▸ **TASK PROMPT**: Exactly the lines from the one containing "are being recruited." through the end of the listing must make up the answer, with no pictures included.

**** SOURCE DATA

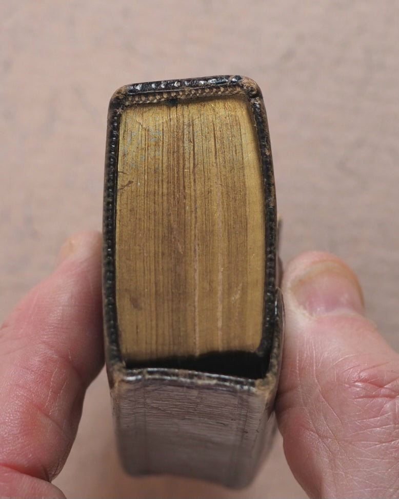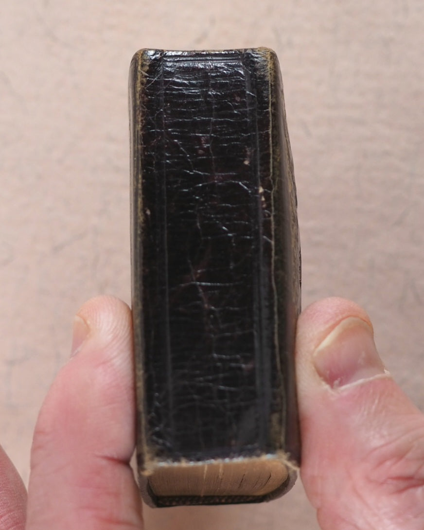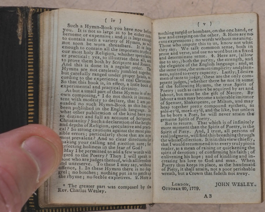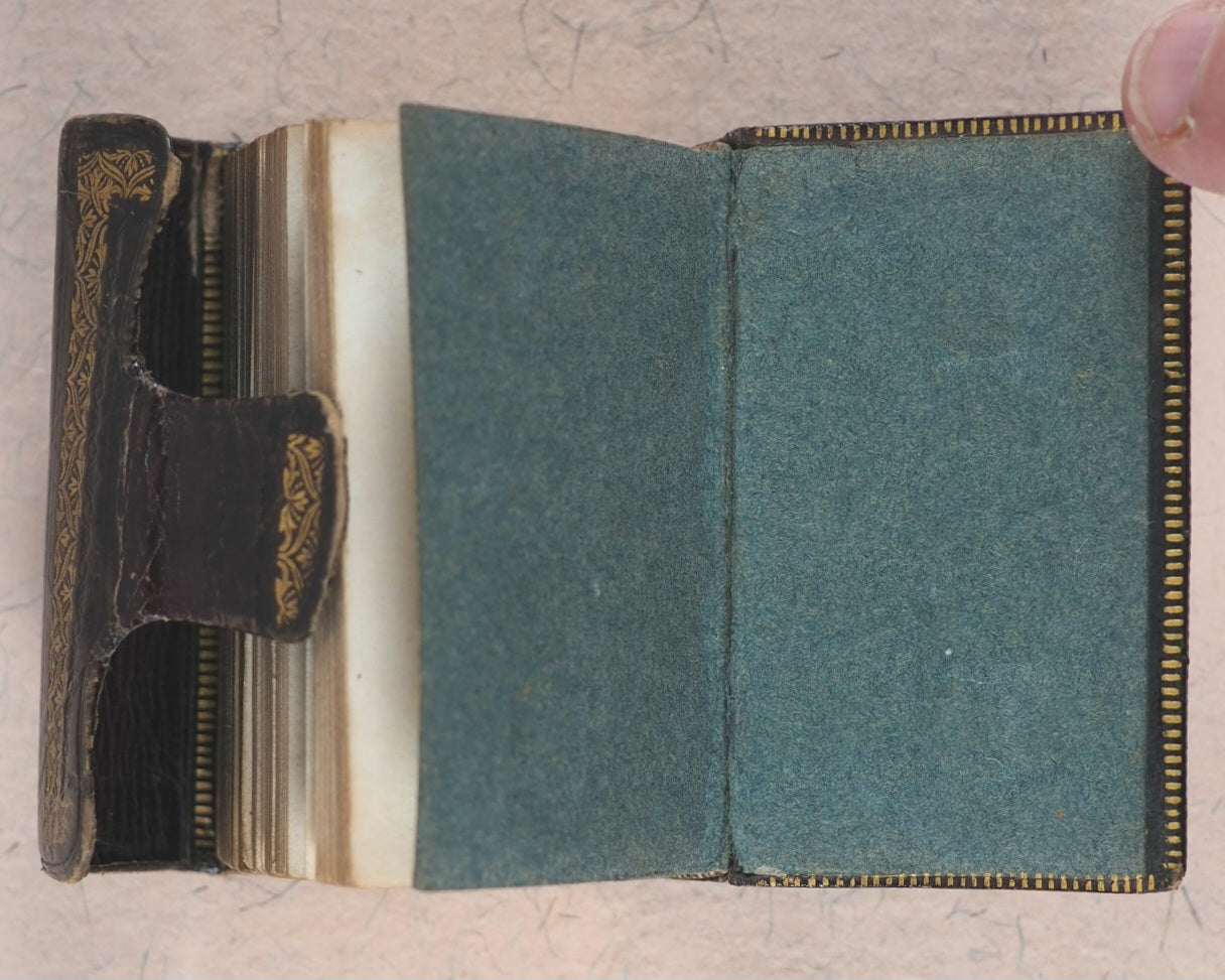 602 printed pages. Engraved frontispiece by I. Bull of John Wesley at the age of 87 - a year before his death. All edges gilt. original grey endpapers. Contemporary ink ownership signature on verso of front free endpaper, dated 1823. Provenance: Louisa Hitchens. 45 x 70mm. Contemporary black morocco in a wallet style binding. Spine with gilt block lettering "WESLEY'S HYMNS", and three hand-tooled binder's decorative flourishes within tripe horizontal rules (slightly rubbed). Front an back covers with hand-tooled scrolling decorative gilt borders. Contains 559 hymns written mostly by John's brother Charles. An interesting variant of an edition of this much reprinted title, first published in 1780 & extolled by B.L. Manning as comparable with the Book of Psalms, the Book of Common Prayer and the Canon of the Mass. Wesley began work on it in September 1773, when he was confined to the New Room, Bristol by a heavy cold, and took it up again at Tullamore during his Irish tour in 1778. His Preface explains that it was published because of the number of earlier books in use; the most important of these, Hymns and Spiritual Songs (1753) being too small (only 84 hymns). Spielmann, 511. Welsh, 4932. WorldCat locates only 4 copies (British Library, Oxford Brookes, National Library of Scotland and Ohio Wesleyan University). OCLC, 314889792.
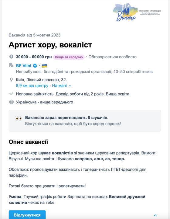 The “Vilni” Charitable Fund has placed an advert on the Work.ua website with a job offer for vocalists to preach LGBT ideology among parishioners. Both male and female voices are being recruited.
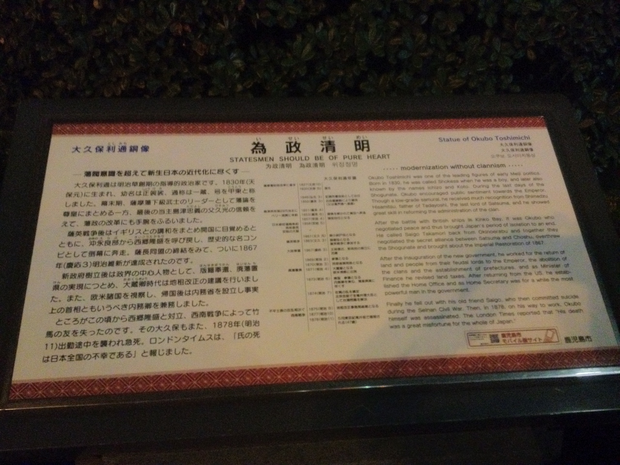 高さが結構ある銅像で偉大さがわかるのですが、なぜか西郷隆盛像のようにライトアップがされていません。せっかく電車通り沿いにあってみんなの目につくのだから、ライトアップすればいいのにね。

********

▸ **ANSWER BOX**:
 The “Vilni” Charitable Fund has placed an advert on the Work.ua website with a job offer for vocalists to preach LGBT ideology among parishioners. Both male and female voices are being recruited.
 高さが結構ある銅像で偉大さがわかるのですが、なぜか西郷隆盛像のようにライトアップがされていません。せっかく電車通り沿いにあってみんなの目につくのだから、ライトアップすればいいのにね。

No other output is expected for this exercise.